The Python programming language

Elixir with Req:

$ brew install elixir
$ elixir -e 'Mix.install([:req])
    url = "https://api.github.com/repos/elixir-lang/elixir"
    IO.puts Req.get!(url).body["description"]'

Outputs:

Elixir is a dynamic, functional language designed for building scalable and maintainable applications

Full disclosure: I’m the author of Req. :) There are obviously other excellent HTTP clients in the Erlang/Elixir ecosystem!

While Elixir is not traditionally associated with scripting languages, you can see that for this particular and totally arbitrary problem, it works pretty well too.

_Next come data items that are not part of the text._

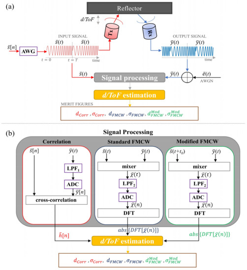 In order to consider the constraints of the FMCW-based approaches, a maximum measurable distance range of 680 mm has been simulated. The signals and have been simulated by generating a signal at and then also generating a signal with the same rate and with different delays linearly-distributed in the interval so as to sweep the range of distances mm at increasing increments of 3.4 mm. Note also that a has been generated for the modified FMCW-based approach in the same way, whereby the nonzero phase shift has been chosen to be = 0.2 ms.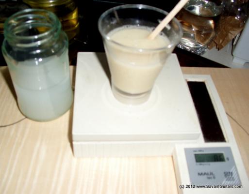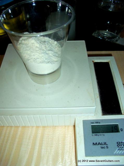 At least 10% hardener will be needed, instead of 15 gr. we take a bit more (19 gr.).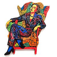Dit moderne kunstwerk toont een vrouw die ontspannen zit in een stoel.

Another simple program and what it takes to run it

Let’s change our program slightly, now we’ll download some markdown and convert it to HTML. Here it is:

$ elixir -e 'Mix.install([:req, :cmark])
    url = "https://raw.githubusercontent.com/elixir-lang/elixir/master/README.md"
    Req.get!(url).body |> Cmark.to_html() |> IO.puts()'

The Cmark Hex package is an Elixir wrapper over cmark, the C reference implementation of the CommonMark Markdown specification.

The Cmark Hex package vendors some C files that will be compiled on your machine when installing the package. It means that you need a C compiler which most likely is not a problem, most likely you already have it. However, there are situations when running Elixir code that you may not have the C compiler installed. For example, when running Livebook with Docker as mentioned earlier, $ docker run -p 8080:8080 livebook/livebook, we would not be able to Mix.install([:cmark]), the Livebook Docker container does not have C compiler toolchain installed at the moment.

Then there is the question of getting Elixir in the first place. As show in the article, we can brew install elixir it (or apt install elixir it, choco install elixir it, etc) but at least on a Mac, you need to first install Homebrew. Which is fine and easy but…

What if in order to run the above mentioned snippet you don’t need to have, or even know what is, Homebrew or Docker or a C compiler or anything like that? What if you don’t have any programming experience whatsoever but you can get a single program e.g. from a CD-ROM (wait, what is a CD-ROM again?) and have everything you need to develop Elixir? To sum up, we need:

  1. An easy way to install Hex packages (Mix.install)
  2. An easy to use HTTP client (Req)
  3. A “one-click” Elixir installer that works on a fresh operating system
  4. A way to install packages with native code without a C compiler

As you can see we have already made some progress but there is still a lot to do.

Stay tuned. :)

P.S.: For problem #3 I have an early prototype, elixir-run, but don’t use it due to its design flaws.